Favourable variances represent good news but should not be ignored. Instead, they may carry an opportunity perhaps a new market is emerging or a competitor has withdrawn? Either way, managers are responsible for their budget variances and would need to report on outcomes and propose action to their own manager.

Budgets use resources so they are closely linked with key performance indicators (KPIs). KPIs help to evaluate the overall performance of the business. Davis Service Group’s KPIs include measurement of:

  • organic revenue growth (i.e. sales growth excluding acquisitions)
  • operational throughput (e.g. tonnage of linen processed)
  • management retention rate (i.e. keeping experienced staff in the company)
  • health and safety records (e.g. major incident injury rate)
  • environmental performance (e.g. water and energy consumption).

As with the budget, action is prompted through variance from the KPI. For example, if a plant’s environmental performance has worsened, does it require additional investment in equipment? If health and safety incidents have increased, do employees need more training?

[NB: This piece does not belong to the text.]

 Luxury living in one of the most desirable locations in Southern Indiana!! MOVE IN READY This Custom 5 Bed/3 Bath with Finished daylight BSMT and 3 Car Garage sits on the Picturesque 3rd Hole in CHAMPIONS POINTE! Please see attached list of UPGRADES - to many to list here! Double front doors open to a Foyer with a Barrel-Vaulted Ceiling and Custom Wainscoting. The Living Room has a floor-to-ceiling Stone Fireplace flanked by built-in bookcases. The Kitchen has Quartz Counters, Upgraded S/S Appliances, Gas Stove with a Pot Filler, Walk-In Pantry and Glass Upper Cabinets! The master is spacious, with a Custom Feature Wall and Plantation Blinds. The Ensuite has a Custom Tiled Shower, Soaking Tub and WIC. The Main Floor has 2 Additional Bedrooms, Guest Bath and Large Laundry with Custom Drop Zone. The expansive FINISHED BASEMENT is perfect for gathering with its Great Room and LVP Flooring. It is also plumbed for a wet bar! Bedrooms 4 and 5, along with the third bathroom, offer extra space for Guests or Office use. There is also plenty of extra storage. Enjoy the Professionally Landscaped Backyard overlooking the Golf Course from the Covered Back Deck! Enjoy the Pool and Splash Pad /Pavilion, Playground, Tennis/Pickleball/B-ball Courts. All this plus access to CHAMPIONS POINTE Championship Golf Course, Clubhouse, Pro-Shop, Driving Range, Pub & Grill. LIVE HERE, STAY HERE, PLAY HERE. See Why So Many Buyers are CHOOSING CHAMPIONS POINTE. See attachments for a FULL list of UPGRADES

The benefits and drawbacks of budgeting

There are many advantages to using budgets. They:

  • provide a method of allocating and using resources within the organisation
  • help to monitor and control operations
  • promote forward thinking
  • show employees an overall picture of the direction of the organisation which can motivate staff
  • help to co-ordinate different departments and align them towards shared objectives
  • provide a framework for delegation.

Most importantly, budgets are an early warning system. They highlight where investigation and appropriate corrective action is necessary.

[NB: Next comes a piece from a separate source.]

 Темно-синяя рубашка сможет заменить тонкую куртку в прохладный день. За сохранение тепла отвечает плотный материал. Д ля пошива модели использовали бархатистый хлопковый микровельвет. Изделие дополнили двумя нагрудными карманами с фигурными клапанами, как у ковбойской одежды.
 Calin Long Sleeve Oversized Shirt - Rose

For example, Davis recognised as early as 2008 that the recession was affecting its UK linen operation. It took action to ensure the impact was managed for the second half of 2008. It then assessed the implications of recession right across the business management was put on ‘full alert’.

These benefits do not come problem-free:

  • Staff time devoted to budgets carries a real opportunity cost. At Davis, 750 people are involved with budgeting. The time these workers give to the budgeting process means they are not available to carry out other responsibilities.
  • Errors and inaccuracies will always remain since it is impossible to predict the future. Major external events such as rising energy prices or the global recession may distort the whole process.
  • Budgets involve and affect people, they may cause conflict. There may be difficult choices over where limited funds are spent. Some departments with tight budgets could feel constrained. This carries the risk of frustrating initiative and enterprise.

Conclusion

Davis operates across 15 countries and has a sales turnover of over £1 billion. To meet its needs, the company has developed a robust and detailed budgeting and planning process involving its managers. Budgeting provides an essential forecasting, control and feedback system on which effective management depends. This process translates competitive strategy into reality.

Evidence of the power of managed budgeting was seen as recession gripped the European economies in 2008. Davis was able to assess effects and build new and realistic assumptions into its budgets for the remainder of 2008 and 2009. These have proved resilient in practice. As an exceptionally challenging year ended, the company was on track to fulfil budget expectations.

By identifying and managing risks, Davis Service Group has been able to return profits, dividends and cash flow for shareholders in a difficult economic climate. This also allows the business to invest for growth in 2010 and beyond.